The comedian wrote about how he started his career in stand-up comedy, and achieved sufficient success to become a writer on the TV show “Saturday Night Live” for a few seasons in the early 1990’s. The show’s content-generators and performers were fiercely competitive because extra money and a big ego boost went to the writers who got a sketch on the air, or did more acting than others. When Spade’s sketches were rejected, his fellow cast members were “… quietly doing mental cartwheels because of the schadenfreude festival around the seventeenth floor [of Rockefeller Center in Manhattan].” He summed up his situation thusly: “I had such a massive chip on my shoulder about being an underdog from Arizona with no show business connections.”

According to Spade, the movie and television studios encourage actors to use social media to interact with their fans. He revealed that the studios might cast an actor for a certain role based on the number of followers he has on Twitter or Instagram.

In addition to describing the making of movies with fellow comedian Chris Farley, the author also included a chapter on his love life. He apparently believes all the male and female stereotypes and that is perhaps why is still a bachelor, as of this writing.

Read the book to learn of Spade’s antics and traumas.

Raif Badawi, The Voice of Freedom

The Book of the Week is “Raif Badawi, The Voice of Freedom” by Ensaf Haidar and Andrea C. Hoffman, published in 2015. This ebook tells the story of the problems that can arise in a theocratic monarchy (Saudi Arabia) when people speak their minds and act of their own free will– considered serious crimes, according to certain powerful men who interpret the Quran in a fanatical way.

One indicator that the story revolves around the author, is that a photo of ONLY Haidar (more than a headshot) is on the front cover of this ebook– not a family portrait, or any other scenes.

Infuriating their families is just one of many consequences of the non-conformist behavior of Haidar and her husband; another– causing an international incident in an ongoing saga that has lasted more than a decade.
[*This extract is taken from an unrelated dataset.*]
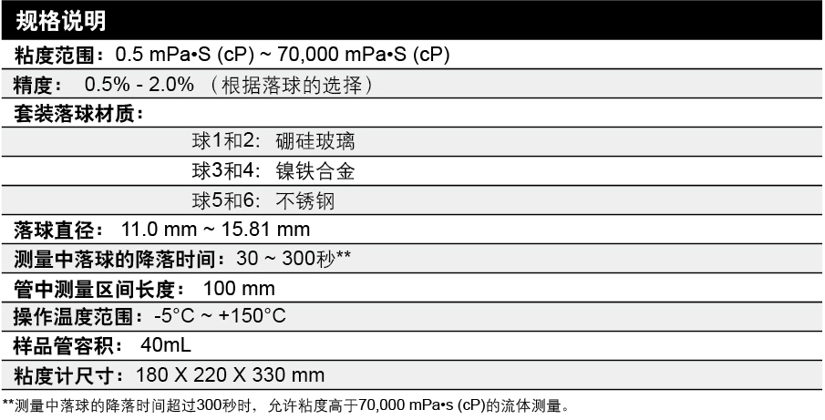 AMETEK Brookfield落球式粘度計(jì)采用簡(jiǎn)單而精確的 Hoppler原理,通過測(cè)量落球在重力作用下經(jīng)樣品管降落所需的時(shí)間而測(cè)得牛頓流體的粘度。

The story starts when Haidar is in her early 20’s. Her polygamous father runs a financially successful furniture business. He has fifteen children, including the author– one of his younger daughters. The culture precludes any kind of paid work for the females. However, the author is allowed to have a mobile phone, and is encouraged by her much older, widowed sister to try to get a job so she won’t be dependent on her father. He is the ruler of his wives and daughters. If the daughters get married, their own husbands become their rulers. Haidar’s older brothers also hold authority over her.

A certain man who knows her brothers, decides Haidar is the one he wants to marry. But it is against their religion for her to be with, let alone speak with, any male, even on the phone, without a chaperone. The father, or no one, will choose a mate for her. The author and her suitor risk shaming their families and public punishment, when they communicate via mobile phone. They rebel anyway.

The major human-rights cause for which the family is fighting, is freedom of speech. The author’s husband (Raif) starts an Internet forum in which he argues for women’s rights, among other irreverent activities. Yet, “… at home he’s behaving like every other Saudi macho man.” She outwits him– “I hadn’t told Raif anything about the Facebook and Twitter accounts that I ran under a pseudonym.”

Later on, another emotional wrench in the works, is that the author resists telling her three children about why their father is absent from their home. The father tells her not to tell them. Still a product of her culture, she feels the need to obey him. She keeps lying to the children, so when they finally hear the truth– how can they ever trust her?

At any rate, read the book to learn of the trials and tribulations suffered by people who buck their religion-bound culture and government.